We will begin with Lufkin,
home of my writing colleague Bob
Bowman, and also where paper making in Texas began in the 1940s
when the Kurth family encouraged the immigration of Canadian papermakers
to East Texas so they
could inaugurate a new industry to utilize our abundance of yellow
pine.
Down the road in Beaumont,
the Spindletop
gusher blew its subterranean brew high over Anthony Lucas' wooden
drilling rig on January 10, 1901, providing enough of the stuff to
stimulate other new industries such as automobiles and everything
connected with them. Beaumont
is also where my first mentor, Dr. Ralph Wooster, taught history at
Lamar University for 50 years. Among friends and colleagues who live
with and upon the history of Jefferson County are Naaman Woodland,
Jo Ann Stiles, John Storey, Mary Kelley, and Ron Ellison.
The discovery of oil near Kilgore
on October 3, 1930, by Columbus M. "Dad" Joiner, also changed that
community and Gregg County. Among other things, it provided a place
for my former student and good friend Joe White to teach at Kilgore
College and also run the best oil museum in the world. Meanwhile,
LeTourneau College in Longview
has given our friend Ken Durham steady work for a long time.

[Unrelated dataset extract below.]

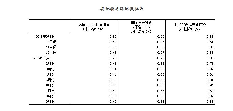?。?)根據(jù)季節(jié)調(diào)整模型自動(dòng)修正結(jié)果,對(duì)近一年來(lái)各期國(guó)內(nèi)生產(chǎn)總值、規(guī)模以上工業(yè)增加值、固定資產(chǎn)投資(不含農(nóng)戶(hù))、社會(huì)消費(fèi)品零售總額環(huán)比增速進(jìn)行修訂。修訂結(jié)果及2016年三季度GDP環(huán)比數(shù)據(jù)、2016年9月份其他指標(biāo)環(huán)比數(shù)據(jù)如下:
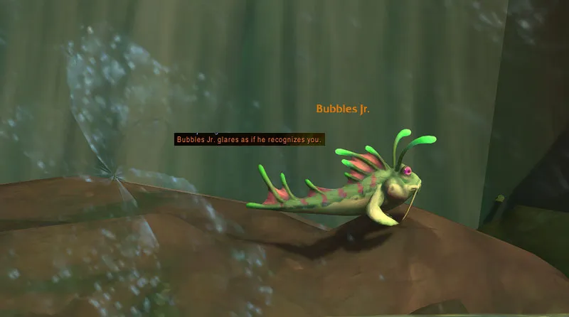 Once again, nothing really happens if you approach Bubbles Jr., besides the quick chat message. However, he has noticeably grown since The War Within. And how did he make his way from Floodgate all the way to the Harandar dungeon???

Tyler and Smith County share a remarkable history that is nurtured
with diligence and skill by Ann Lawrence, Robert Glover, Jeffrey Owens,
Rob Jones, and that sweet little Linda Cross, an old-fashioned girl
and one of the best and brightest of those who suffered through my
notorious historiography seminar.
Upshur County is the home of our Gilmer Mirror publisher friend Sarah
Greene, and where sister Mary Kirby, tends the fires of local history
and sweet potato Yamborees.
In Huntsville,
home of Sam Houston State University and headquarters of our state's
criminal justice program, Ty Cashion, Carolyn Crimm, and James Olson
write about football, log cabins, and John Wayne—to name but a few
subjects.
Ted Lawe runs the A.C. McMillan African American Museum in Emory,
in Raines County, Bill O'Neal writes about cowboys and lawmen from
Carthage, James
Smallwood remains the historical oracle of Gainesville,
and Betty and John Oglesbee and especially Willie Earl Tindall, have
the last word about the history of San
Augustine.
Historians, like undertakers, get everything and everyone in the end.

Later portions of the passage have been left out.